14年勤めた公務員を退職。「安定を捨てるのはもったいない」という葛藤の先に。
14年間勤めた公務員を、辞めました。
採用試験を受けた当時の志望動機は、確か「結婚・出産をしても長く続けられそうだから」だったと思います。
前職がハードな環境だったこともあり、休暇制度や福利厚生が整った公務員なら、当たり前に「仕事と家庭を両立できる」と信じて疑いませんでした。
実際、周囲には両立しながらバリバリ働く先輩たちもたくさんいます。「私も、普通にできるはずだ」――そう思っていました。
「時短勤務」という名の現実
しかし、3人の子どもを授かり、育休から復帰した私を待っていたのは、想像を絶する過酷な現実でした。
時短勤務とはいえ、責任のある正職員。繁忙期になれば仕事は容赦なく舞い込みます。
「なぜ時短なのに、20時、21時まで残業しているんだろう?」
そんな疑問を抱えながら、擦り減っていく心と身体。
もっと余裕を持って、笑顔で子どもたちと接したい。
なのに、現実はイライラと焦燥感に飲み込まれていく……。その悔しさともどかしさが、私に「これからの働き方」を真剣に考えさせました。
「もったいない」という呪縛との戦い
退職を考えたとき、真っ先に頭をよぎったのは「公務員を辞めるなんて、もったいなくない?」という心の声でした。
公務員試験を乗り越えて手に入れた、安定した身分。
将来時短が終われば、それなりに稼げる給料とボーナス。
充実した福利厚生もあるし、部署にもよるがテレワークも可能な環境。
「あと5年、いや数年踏ん張れば、育児は楽になるかもしれない。
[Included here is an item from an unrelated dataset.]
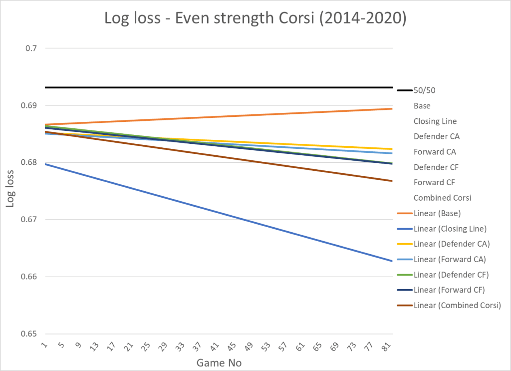 In this test I want to add each variable individually, so I can see how it impacts the log loss. I will still include the home-ice and back-to-back adjustments.
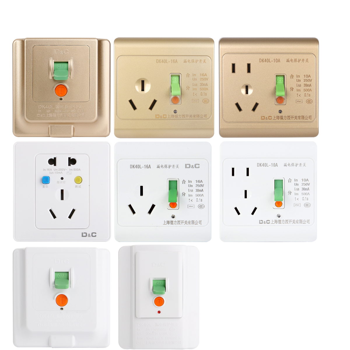 (White) 10a five-hole with switch leakage protection socket (gold) 10a five-hole with switch leakage protection socket (white) 16a three-hole with switch leakage protection socket (gold) 16a three-hole with switch leakage protection socket

今さえ乗り越えれば、定年まで安泰なんだろうな……」
何度も、何度も、そんな考えが巡りました。
「将来の安定」よりも「今の日常」を
でも、最後に行き着いたのは、シンプルな答えでした。
「何年後かの安定のために、今この瞬間の、子どもたちとの時間を犠牲にしたくはない」
確かに数年待てば、両立は今より楽になるかもしれません。でも、その頃には子どもたちはもう大きくなっています。私が一緒に笑い、向き合いたい「今」の子どもたちの姿は、もうそこにはありません。
もちろん、収入がなくなることへの不安は、決して小さくありません。
正直に言うと、夫の収入だけで子ども3人を養っていけるほど、金銭的に余裕があるわけではないのです。このまま長い間、無職であり続けることは現実的に不可能です。
それでも、今回の退職に踏み切ったのは、「働き方」そのものを根本から変えたかったからです。
これから先、また仕事を再開することになったとしても、これまでのように子どもたちとの時間を大幅に割くような働き方は、絶対に避けたいと思っています。家族との笑顔の時間こそが、今の私にとっての「安定」だからです。
どうしても働きたくなったら、また探せばいい。今は「アルムナイ採用(元職員の再採用)」という制度だってあります。
私は、器用に多くのことをこなせるタイプではありません。
だからこそ、今の私にとって一番大切な「家族との時間」に、今は真っ直ぐ向き合いたい。そう思って、14年のキャリアに区切りをつけました。(大して長いキャリアではありませんが…)。
世間一般の「もったいない」(社会的安定)よりも、自分にとっての「もったいない」(家族との時間)。私は、後者を選びました。
この決断が、これからの私と家族の、新しい笑顔に繋がると信じています。